В июне была случайно обнаружена уязвимость диспетчера очереди печати Windows нулевого дня, получившая название PrintNightmare (CVE-2021-34527) . Эта уязвимость использует функцию Windows Point and Print для удаленного выполнения кода и получения привилегий локальной системы.

Хотя Microsoft выпустила два обновления безопасности для исправления различных уязвимостей PrintNightmare, другая уязвимость, публично раскрытая исследователем безопасности Бенджамином Делпи, по- прежнему позволяла злоумышленникам быстро получить системные привилегии, просто подключившись к удаленному серверу печати.

Как показано ниже, уязвимость Delpy использовала директиву CopyFiles для копирования и выполнения вредоносной библиотеки DLL с использованием привилегий SYSTEM, когда пользователь установил удаленный принтер.

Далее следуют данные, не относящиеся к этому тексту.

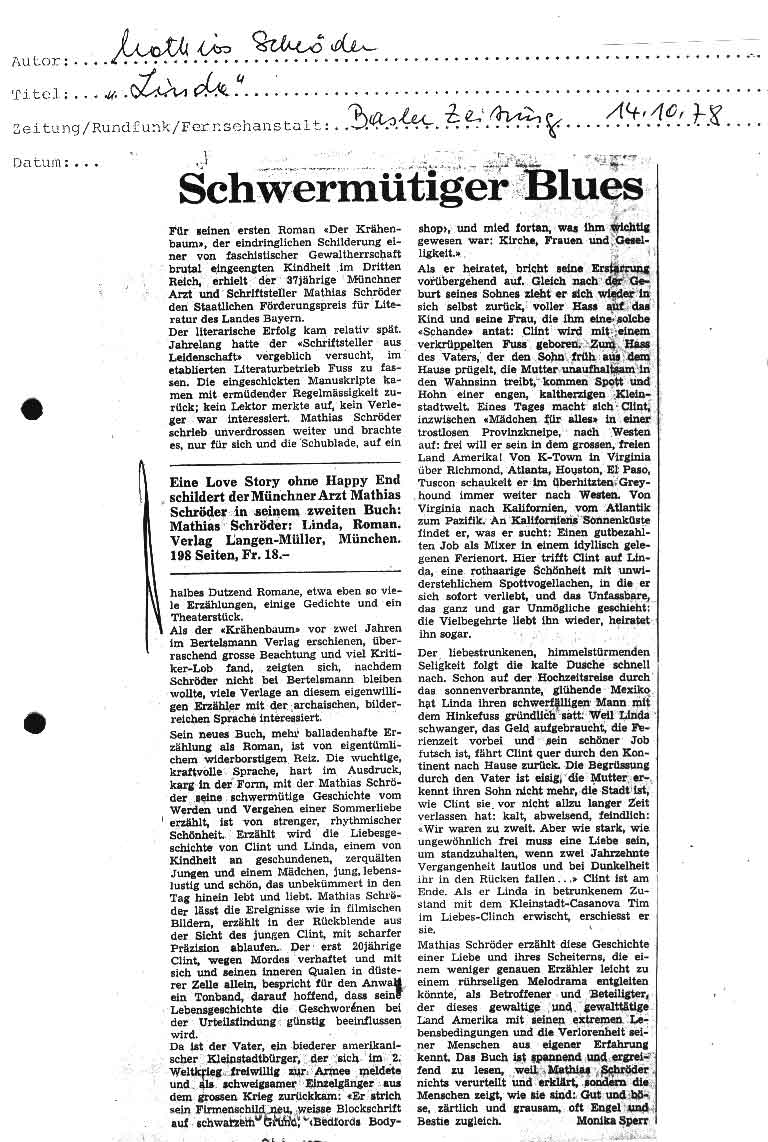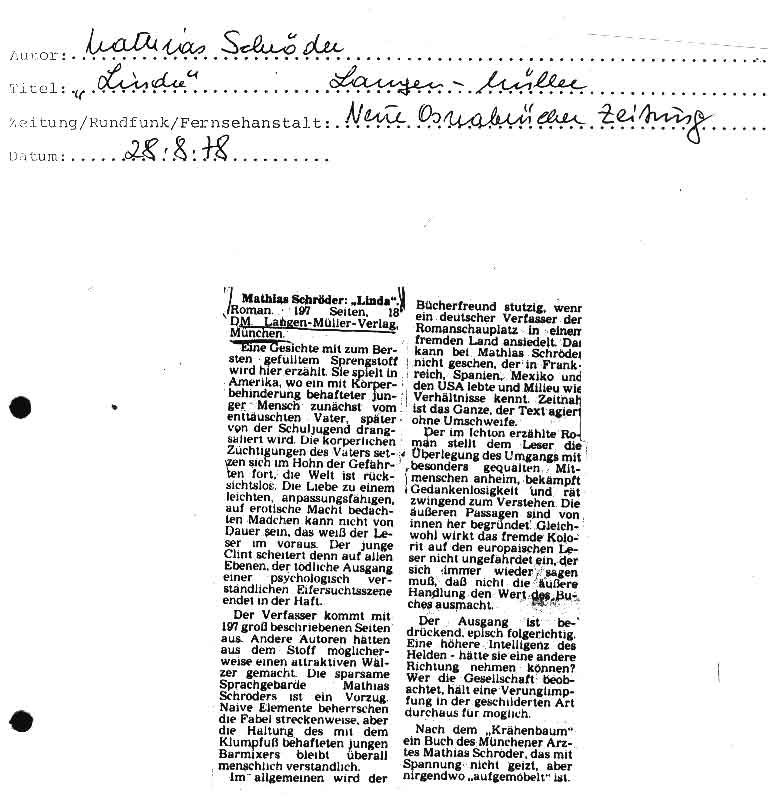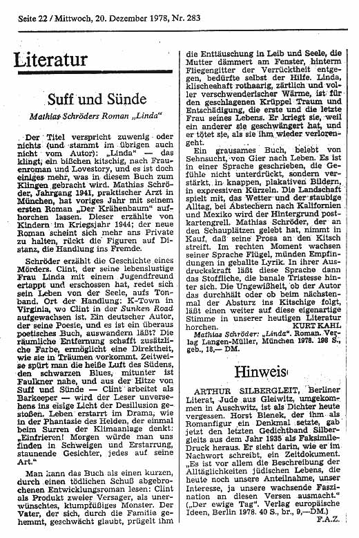 "Linda" 20.12.1978 Frankfurter Allgemeine Zeitung - 119kb "Linda" 14.10.1978 Basler Zeitung - 144kb "Linda" 28.08.1978 Neue Osnabrücker Zeitung - 71kb

Как только эксплойт запускает DLL, он открывает окно консоли, в котором все команды выполняются с правами SYSTEM.

Что еще хуже, банды вымогателей, такие как Vice Society , Magniber и Conti , начали использовать ошибку, чтобы получить повышенные привилегии на взломанных устройствах.

Эта оставшаяся уязвимость PrintNightmare отслеживается как CVE-2021-36958 и приписывается Виктору Мата из FusionX, Accenture Security, который в частном порядке сообщил об ошибке Microsoft в декабре 2020 года.

Новое обновление безопасности исправляет ошибку PrintNightmare

В сегодняшних обновлениях безопасности во вторник, сентябрь 2021 года, Microsoft выпустила новое обновление безопасности для CVE-2021-36958, которое устраняет оставшуюся уязвимость PrintNightmare.

Делпи, который тестировал свой эксплойт с новым обновлением безопасности, подтвердил BleepingComputer, что ошибка теперь исправлена.

Помимо устранения уязвимости, Microsoft отключила функцию CopyFiles по умолчанию и добавила недокументированную групповую политику, которая позволяет администраторам снова включить ее.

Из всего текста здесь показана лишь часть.